A Zona da Mata nordestina é também conhecida como litoral oriental do Nordeste e Costa do Descobrimento, isso porque o histórico de ocupação e exploração dos recursos naturais ocorre desde o período da colonização.

Sua extensão compreende os estados do Rio Grande do Norte, Paraíba, Pernambuco, Alagoas, Sergipe e Bahia.

O clima nesta região é predominante tropical litorâneo úmido, e segundo o geógrafo Aziz Ab’Sáber, as precipitações anuais na Zona da Mata estão entre 1800 a 2200 mm em determinadas áreas, e ocorrem entre os meses de abril e julho. A temperatura média ao longo do ano varia entre 24 º C e 26 º C.

O relevo na Zona da Mata é caracterizado pela presença de planícies. Há também a presença de praias, que são formadas pela variação do nível do mar, e tabuleiros que podem ser entendidos como uma forma muito parecida com o planalto, com altitude variando entre 20 e 50 metros, porém o seu limite termina de forma repentina. Estas feições são formadas pela ação da erosão de águas marinhas.

No passado a Mata Atlântica era a principal forma de vegetação encontrada nessa área, entretanto as atividades de extração, ocupação humana, expansão do cultivo de cana-de-açúcar e a produção do açúcar, foram responsáveis pelo desmatamento de praticamente toda esta forma de vegetação, o que representa uma perda significativa para a biodiversidade do local.

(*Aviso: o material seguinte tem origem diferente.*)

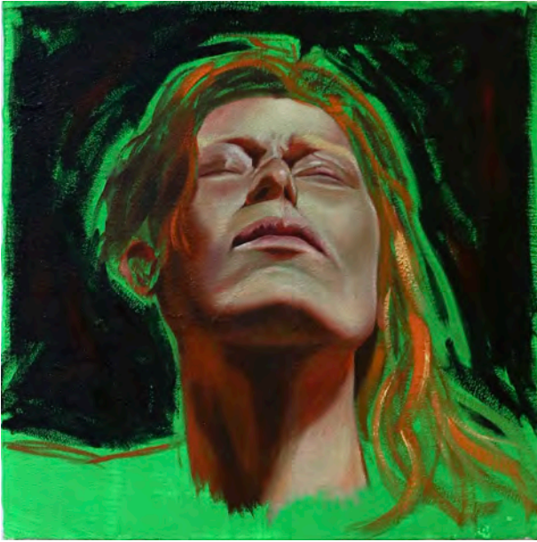
Alexandre Lichtblau Maud, 2023 Oil and acrylic on canvas / 30 x 30 cm

Zona da Mata: aspectos socieoconômicos

A Zona da Mata compreende a área de maior industrialização e urbanização da região Nordeste onde estão as principais capitais e atividades econômicas.

Pode ser dividida em três zonas principais segundo sua atividade econômica:

  • Zona da Mata Açucareira;
  • Zona Cacaueira;
  • Recôncavo baiano

Zona da Mata Açucareira

  • Ocupa a faixa que vai do Rio Grande do Norte até a Bahia;
  • Área do cultivo da cana de açúcar (desde o período colonial);
  • Grandes latifúndios (grandes propriedades) e monocultura (cultivo de um único produto);
  • Atividades pecuárias, extrativista, serviços e indústrias

Zona Cacaueira

  • Comercialização e exportação do cacau;
  • Tecnopolo (montagem de computadores);
  • Alto potencial turístico.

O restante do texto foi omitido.